[Data block]
((

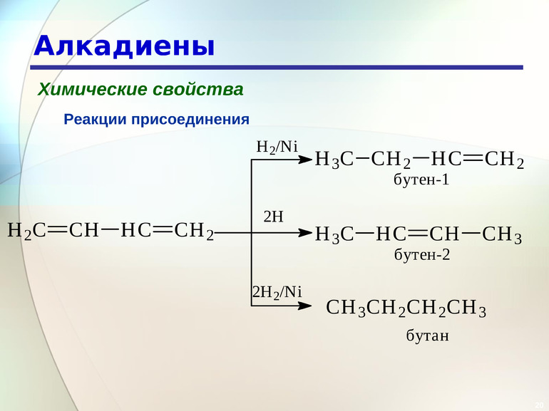 Отличительная черта диенов — наличие двух двойных связей в молекуле. Способы использования и получения алкадиенов, их физические и химические свойства обусловлены этой особенностью.
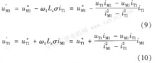 則式(7)就是解耦項修正公式,根據(jù)這個公式可由電機(jī)測量參數(shù)推導(dǎo)交叉耦合項的值,在解耦算法中應(yīng)用該值,實時修正交叉解耦項的大小,則可保證解耦電壓總是與實際運(yùn)行參數(shù)匹配。將式(7)中的ω1Lsσ一代人反饋電壓解耦算法中,得實時解耦控制電壓公式為:
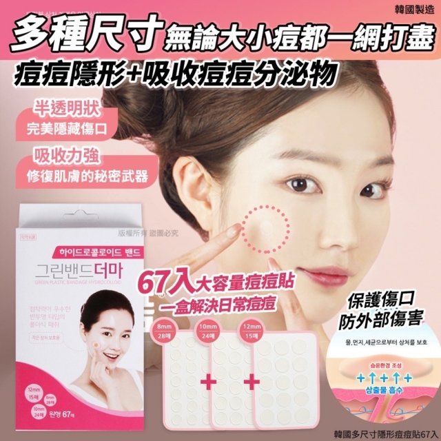 韓國多尺寸隱形痘痘貼67入 (1套2盒) (7月中)

))

[Task objective]
Copy out the whole listing exactly. Skip its pictures.

[Written answer]
 Отличительная черта диенов — наличие двух двойных связей в молекуле. Способы использования и получения алкадиенов, их физические и химические свойства обусловлены этой особенностью.
 則式(7)就是解耦項修正公式,根據(jù)這個公式可由電機(jī)測量參數(shù)推導(dǎo)交叉耦合項的值,在解耦算法中應(yīng)用該值,實時修正交叉解耦項的大小,則可保證解耦電壓總是與實際運(yùn)行參數(shù)匹配。將式(7)中的ω1Lsσ一代人反饋電壓解耦算法中,得實時解耦控制電壓公式為:
 韓國多尺寸隱形痘痘貼67入 (1套2盒) (7月中)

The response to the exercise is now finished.